[AIM OF THE EXERCISE]
Produce a word-for-word copy of the listing below without its pictures.

[INFORMATION SHOWN]
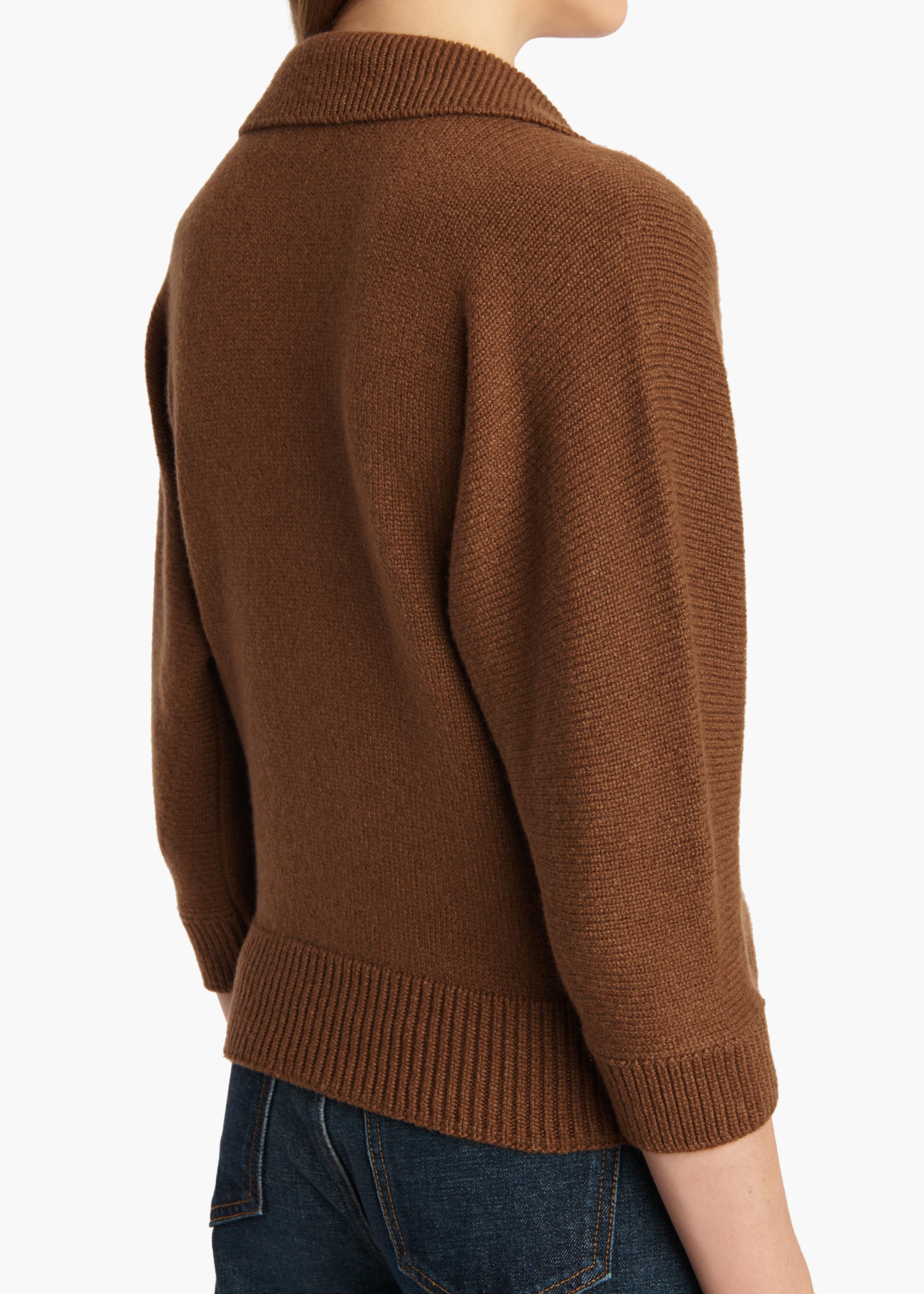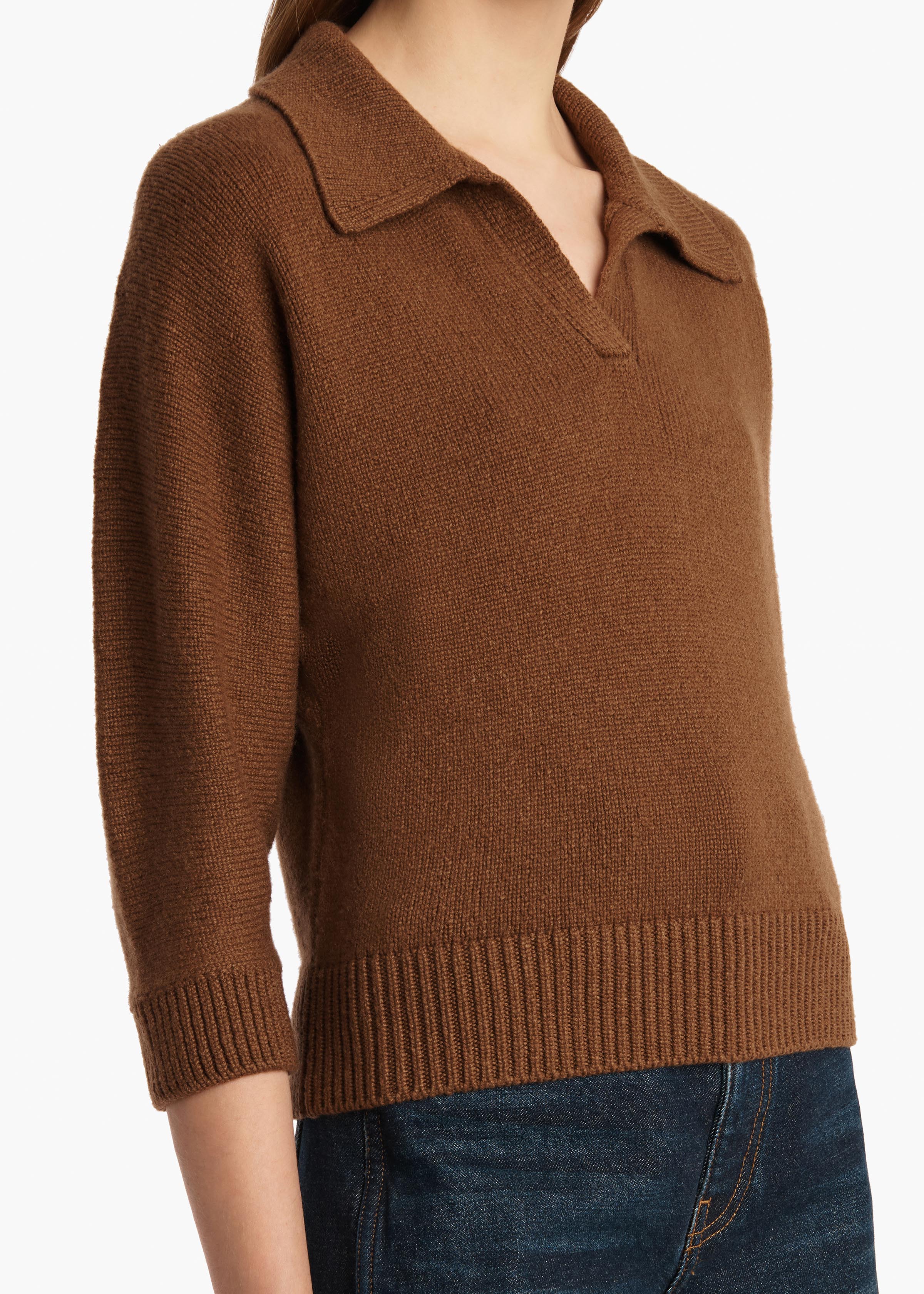 An open-neck polo in dense cashmere selected for its luscious fluidity. Designed for a shrunken yet eased look, free of seaming at armholes. Three-quarter-length sleeves. Refined by ribbing at collar, cuffs, and hem.
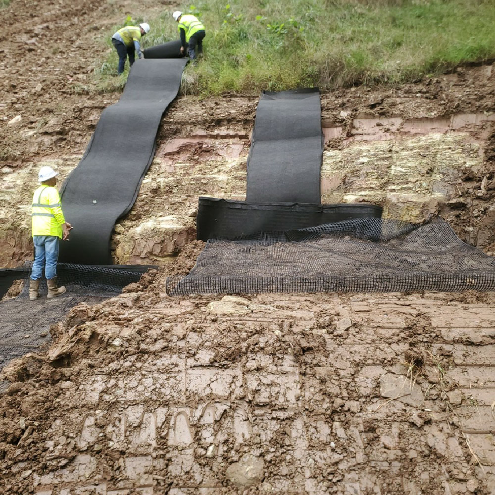 The Evans Slip Repair required extra attention and precautions as we worked around an active inground pipeline. We then customized a drain installation and trench breaker to ensure proper soil stabilization, which included the installation of geogrid.
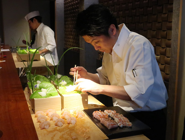 厳選の食材を使って、フランス料理の技法とプレゼンを和食に取り入れて作られたコース料理はダイナミックで華麗、
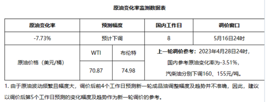 据卓创资讯测算,5月12日,国内第8个工作日参考原油变化率为-7.73%。预计汽柴油下调350元/吨,折算下调0.27-0.30元/升。

[REPLY]
 An open-neck polo in dense cashmere selected for its luscious fluidity. Designed for a shrunken yet eased look, free of seaming at armholes. Three-quarter-length sleeves. Refined by ribbing at collar, cuffs, and hem.
 The Evans Slip Repair required extra attention and precautions as we worked around an active inground pipeline. We then customized a drain installation and trench breaker to ensure proper soil stabilization, which included the installation of geogrid.
 厳選の食材を使って、フランス料理の技法とプレゼンを和食に取り入れて作られたコース料理はダイナミックで華麗、
 据卓创资讯测算,5月12日,国内第8个工作日参考原油变化率为-7.73%。预计汽柴油下调350元/吨,折算下调0.27-0.30元/升。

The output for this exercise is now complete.